How common is it in CdLS to have wisdom teeth impacted? My son’s dental surgeon wants to schedule surgery to have his wisdom teeth and other teeth removed. All of these teeth are impacted. Two of the front teeth have not come out of the gums. The surgeon stated that they may have to break my son’s jaw to remove the teeth. Is this common practice? Is there anything that you would recommend for the surgeon?

Answer of our experts

It is quite common to find the need for the removal of the permanent third molars in our patients with CdLS. One of the constant findings within this syndrome is a rather small mouth. The maxilla and mandible are extremely small and cause extensive crowding of the teeth and orthodontic problems. The third molars just do not have any room to erupt and often become impacted. Research tells us that if these teeth are left to sit within the jaw bone for a long time, there is a high chance that they will form cysts and destroy the bone around them. Therefore, oral surgeons recommend the removal at around 16 to 22 years of age.
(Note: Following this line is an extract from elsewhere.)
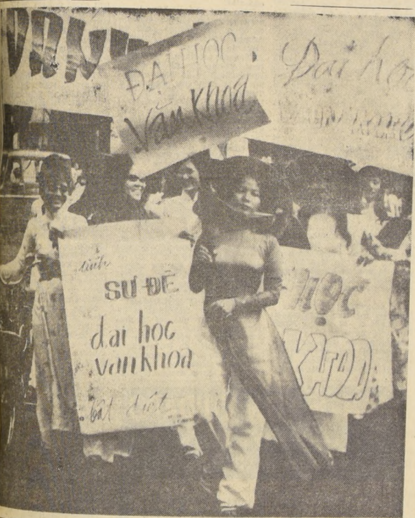
SAIGON, VIETNAM DEL SUR.— Portando banderas y estandartes un grupo de jóvenes realiza una manifestación en Saigón...
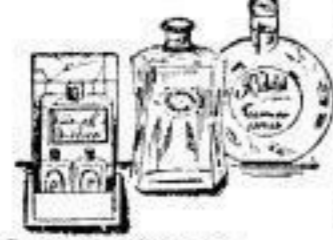
Geschenkpäckung 1 Fl. Köln. Wasser, 1 Fl. Veilchen-Parfüm, 1 Fl. Chypre-Parfüm 0.60 Mundwasser sehr erfrischend, große Flasche 0.95 Haarwachscreme Kamille und Yess, Ia Qualität 0.50

If the front two central teeth are not erupted through the gums, but they are through the bone, then performing a gingivectomy, or the removal of the offending gums, will allow those teeth to be seen and become functional. At age 20, if they are still impacted within the bone, then they will probably need to be removed. Difficult to say what is the best solution without seeing the patient or x-rays, but this is exactly what oral surgeons are experts in and I am sure your surgeon understands the problems at hand and can explain their rationale rather easily.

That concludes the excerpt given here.